Given $X=X_t$, $Y=Y_t$ and \begin{align} dX_t &= μX_t\,dt + σX_t\,dB_t, \\ dY_t &= σY_t\,dt + μY_t\,dB_t, \\ V_t &= \frac{X_t}{Y_t} \end{align} How to calculate $dV_t$?
I'm new to SDE and calculus as well, so I'm not sure if I solved it wrong or not...
Please help, thank you so much!
On
Note\begin{align} dV &= \frac{dV}{dX}dX+ \frac{dV}{dY}dY +\frac12 \frac{d^2V}{dX^2}(dX)^2 +\frac12 \frac{d^2V}{dY^2}(dY)^2 +\frac{d^2V}{dXdY}(dXdY)\\ &= \frac{1}{Y}dX- \frac{X}{Y^2}dY +\frac12 \cdot0\cdot(dX)^2 +\frac{X}{Y^3}(dY)^2 - \frac{1}{Y^2}(dXdY)\\ \end{align} Substitute $dX/X= μdt+ σdB$ and $dY/Y =σdt+ μdB$ into above to obtain $$dV = V[\mu dt+\sigma dB - \sigma dt-\mu dB +\mu^2(dB)^2- \mu\sigma (dB)(dB)] \\ = (\mu-\sigma+\mu^2-\mu\sigma)Vdt + (\sigma-\mu)VdB $$
It is often more simple to compute the derivative in a product formula instead of in a quotient formula. In the product formula for $X=YV$ you get, in infinitesimal increments, $$ dX_t=d(V_tY_t)=(V_t+dV_t)(Y_t+dY_t)-V_tY_t=V_t\,dY_t+Y_t\,dV_t+dV_t\,dY_t $$ While the last term as infinitesimal increment is random, this randomness is vanishingly small around a trend $d\langle V,Y\rangle_t$, which is the quadratic variation or correlation of the two processes.
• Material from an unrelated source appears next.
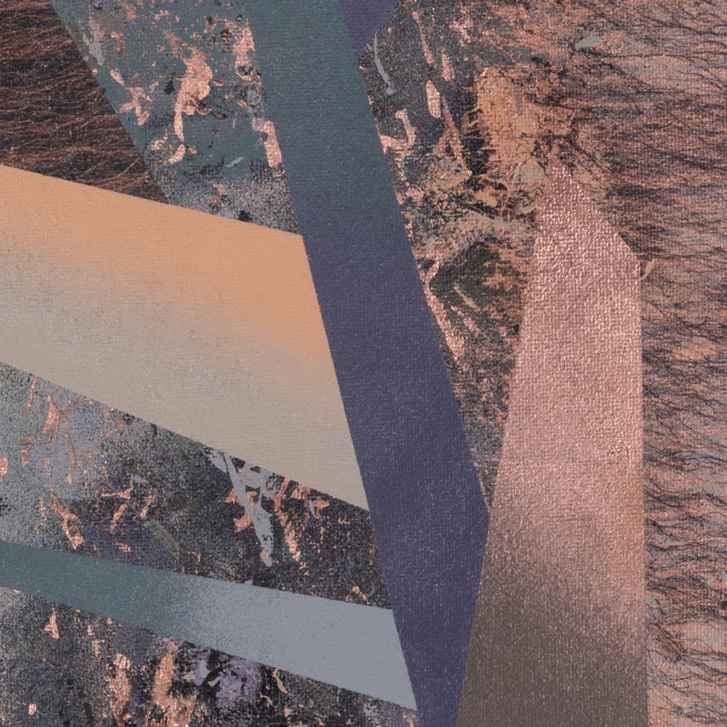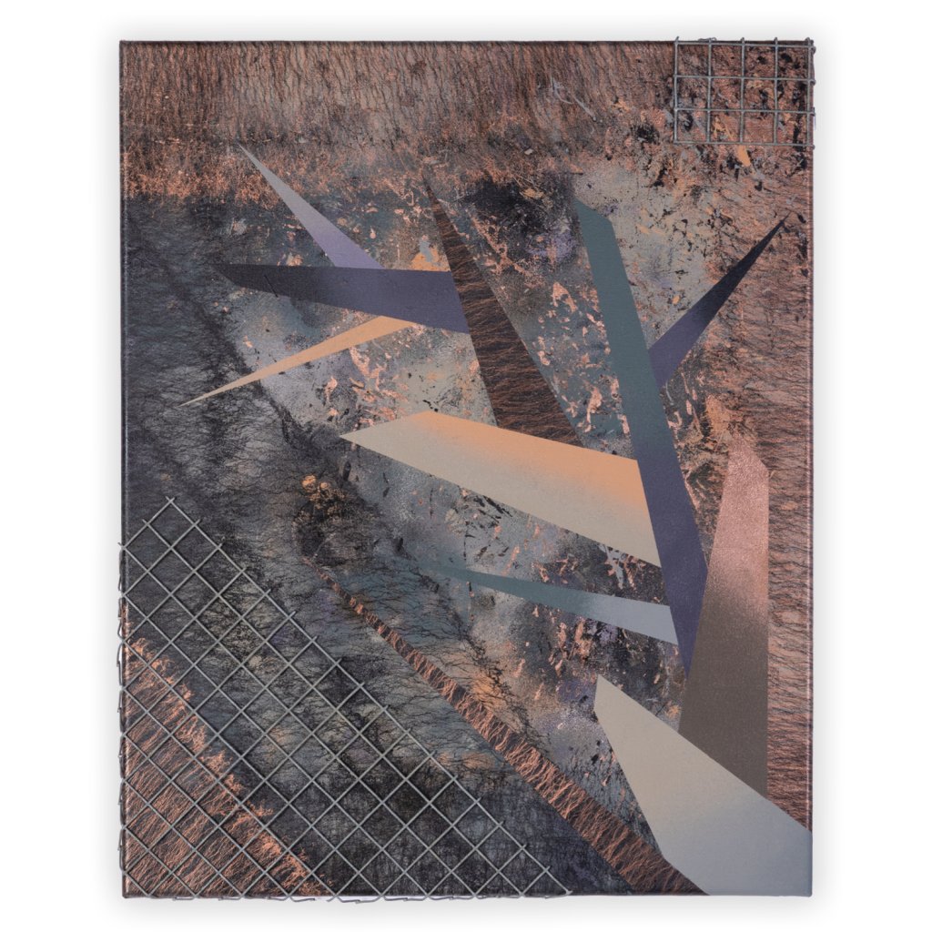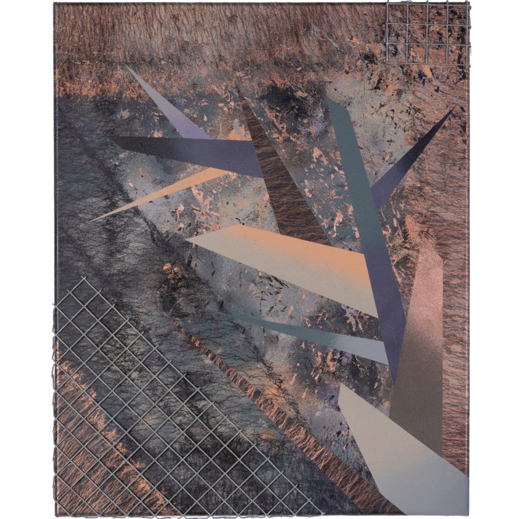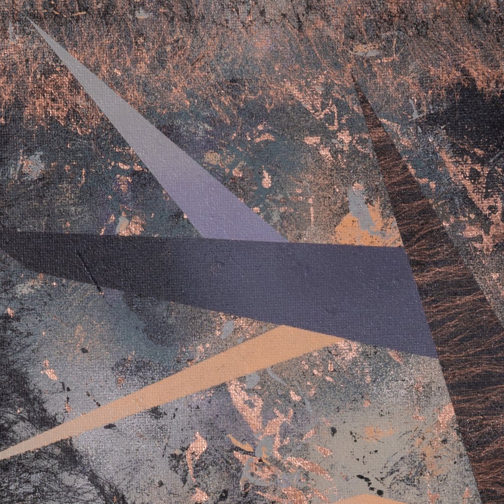 Pozadí je tvořeno bohatou, roztříštěnou texturou, kde se prolínají tmavě šedé, purpurové a měděné odstíny. Tento hluboký, metalický podklad je narušen ostrými, geometrickými útvary, které se dynamicky protínají a směřují vzhůru. Tyto tvary – provedené v matných barvách jako jsou odstíny béžové, šedofialové a tmavě zelené – vytvářejí v kompozici napětí a připomínají krystalické struktury, střepy nebo futuristické architektonické prvky.

If $dV_t=a(V)dt+b(V)dB_t$, then $d⟨V,Y⟩_t=b(V)μY_t\,dt$. So let's insert all known equations $$ X_t(μ\,dt+σ\,dB_t)=V_tY_t(σ\,dt+μ\,dBt)+Y_t\,dV_t+b(V)μY_t\,dt\\ V_t(μ-σ)(dt-dB_t)=a(V_t)\,dt+b(V_t)\,dB_t+μb(V)\,dt $$ Comparing coefficients gives \begin{align} a(V_t)+μb(V_t)&=(μ-σ)V_t \\ b(V_t)&=-(μ-σ)V_t \\ \implies a(V_t)&=(μ-σ)(1+μ)V_t \end{align}
For a formal derivation of these results use the Ito theorem on transformations of stochastic processes which gives the same formula without mucking around with infinitesimals.
One could also use the solution formulas for geometric Brownian motions $$ X_t=X_0e^{(μ+σ^2/2)t+σB_t}\\ Y_t=Y_0e^{(σ+μ^2/2)t+μB_t}\\ V_t=V_0e^{((μ-σ)-(μ^2-σ^2)/2)t-(μ-σ)B_t} $$ which directly implies, as again a geometric Brownian motion, $$ dV_t=[(μ-σ)(1-(μ+σ)/2)-(μ-σ)^2/2]V_t\,dt-(μ-σ)V_t\,dB_t. $$